KHARTOUM- Sudan's transitional government will start a nine-month economic rescue plan next month aimed at curbing rampant inflation while ensuring supplies of basic goods and is asking the World Bank for $2 billion, the country's finance minister said on Monday.

Shortages of bread, fuel and medicine coupled with hefty price rises sparked protests that led to the toppling of longtime ruler Omar al-Bashir in April.

The economy has remained in turmoil as politicians negotiated a power-sharing deal between the military and civilians. The government was appointed this month. 

Finance Minister Ibrahim Elbadawi told reporters the new plan would restructure the budget and tackle inflation but leave bread and petrol subsidies in place until at least June 2020.

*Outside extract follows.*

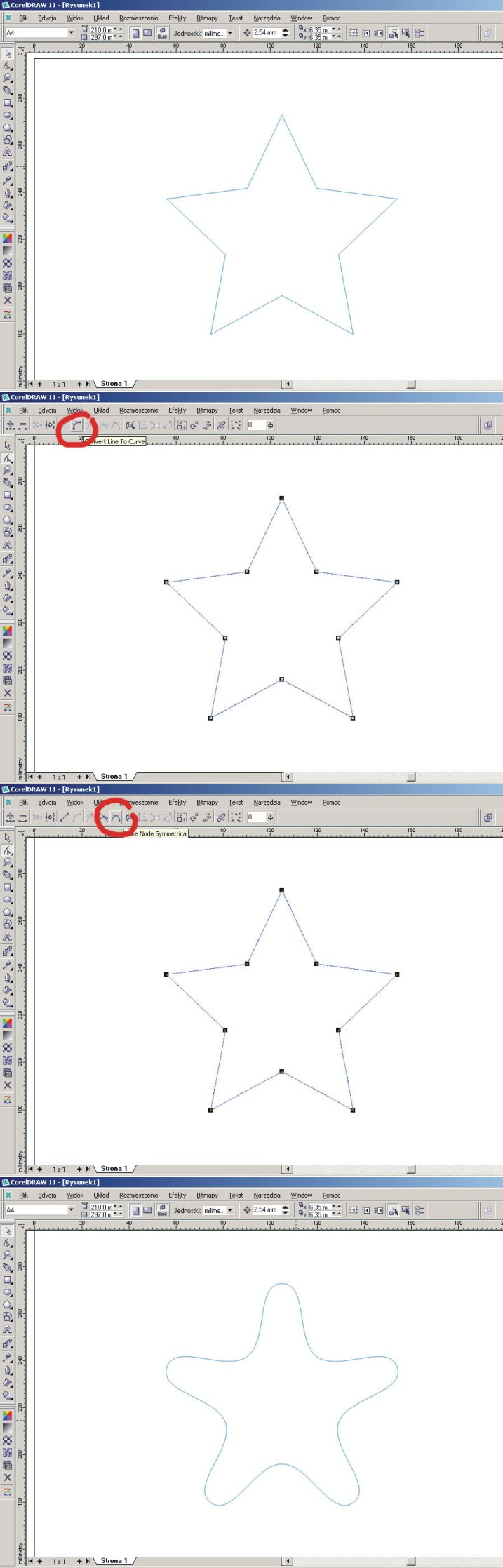 Moskit twój sposób u mnie nie działa zrobilem tak jaki piszesz zaznaczylem wezly, w krzywą, wezel symetryczny i z nieregularnego wieloboku, wielokąta zrobiło mi się jajo. :)

"It aims ... to restructure the banking sector, rationalise government spending, address the state's financial burden and review tax exemptions, because 60% of economic activity is tax exempt," Elbadawi said. It would also combat corruption.

The transitional government, led by Prime Minister Abdalla Hamdok, is Sudan's first since Bashir's overthrow.

The government needs billions of dollars to import basic goods such as fuel and flour. Fuel subsidies account for 8% of gross domestic product, Elbadawi said.

The government wants to replace commodity subsidies with direct cash transfers to poor families by the end of the rescue plan, he added.

Hamdok, now in New York, will ask the World Bank for $2 billion in funding, Elbadawi said. Khartoum has asked the bank to send three Sudanese experts as secondees and to help pay their salaries to improve central bank and finance ministry performance during the political transition.

Sudan has so far been unable to tap the International Monetary Fund and World Bank for support because the United States still lists the country as a state sponsor of terrorism.

"American officials have informed us that removing Sudan from the U.S. terrorism list is complicated because it is tied to Congress and could take nine months to a year," Elbadawi said.

The new economic plan aims to address the country's weakening currency, he said. The Sudanese pound is officially set at 45 to the dollar, but on the black market on Monday it was trading at 69 pounds. Elbadawi said he hoped to unify the two exchange rates by June.

Hamdok said in an interview with Reuters shortly after his appointment in August that Sudan needed $8 billion in foreign aid over the next two years.